Трофим Щербатый – казенный лесник, благосклонному вниманию которого меня рекомендовал лесничий – мой родственник, а его непосредственный начальник. Трофим беспечен, груб, немного хвастун и лентяй и втихомолку торгует казенной дичью. Это его отрицательные качества. Но зато он смел, знает лес не хуже любого зверя, прекрасный стрелок и неутомимый охотник. Ко мне он относится покровительственно.
– Сначала глухарь с опаской играет, – наставительно говорит Трофим. Чок! и замолчал. Сидит себе на суку и во все стороны слушает. Потом опять: чок, чок! – и опять тихо. Уже тут, спаси вас господи, паныч, поворохнуться или сучком треснуть – только и услышите, как он крыльями по всему лесу захлопает. Потому что его хоть и называют – глухарь, а нет в целом свете такой чуткой птахи, как он… Потом вдруг как зашипит! Вот тут-то вы уж что есть духу скачите вперед. Изо всей силы… Прыгнули раз с пять – и стой! И – ни мур-мур. Даже не пять, а хоть четыре аль бы три сначала. И уж сто-ой… опять жди песни. Тут он вскорости опять заиграет: чок-чок… чок-чок… чок-чок… и опять зашипел. Вы опять вперед и опять стой ожидай песню. Иной глухарь как разойдется, так без передышки песен тридцать сыграет, а вы только знайте себе, скакайте вперед и больше ничего. А потом вдруг замолчит и а-ни-ни, как отрезал. Полчаса, подлец, будет прислушиваться. Ну, уж тут ничего не сделаешь: как стал, так и стой. Ждите. Другой раз в багне[2] по пояс загругнешь, дрожишь весь, а терпи! Ноги замлеют, спина ноет, руки болят, а все-таки жди… А как он только опять начал играть, так вы, паныч, одну песню пропустите. Бывают из них такие прохвосты, что стрельца обдуривают. Это харкуны называются. Зачокает, зачокает… ты – скок, а он и замолчал. Подождет немного и давай харкать: хрр… хрр… Это он другим глухарям весть подает: берегись, говорит, стрелец идет. И уж если где такой харкун завелся – все токовище ни к чертову батьку не годится. Только и знает, холера, что сидит на суку да сторожит, не идет ли кто.

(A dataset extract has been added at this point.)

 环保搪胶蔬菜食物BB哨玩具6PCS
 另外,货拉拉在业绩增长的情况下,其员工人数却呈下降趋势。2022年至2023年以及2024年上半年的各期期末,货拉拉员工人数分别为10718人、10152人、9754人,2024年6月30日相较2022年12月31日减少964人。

Мы подымаемся по трем земляным ступенькам, вылезаем сквозь узкое отверстие, боком, из угольницы и сразу попадаем в такую глубокую темень, что кажется, будто нас внезапно окунули в какую-то гигантскую чернильницу. Я остановился вновь в нерешительности, почти в страхе. Чтобы обмануть себя, я нарочно на несколько секунд закрываю глаза и потом быстро раскрываю их. Нет! – ночь по-прежнему черна и непроницаема до жуткости. Я подымаю голову вверх. Но на небе нет ни одной звезды, и у меня вдруг мелькает мистическая, тревожная мысль: неужели все живущее осуждено погрузиться после смерти в такой же непобедимый, вечный, ужасный мрак?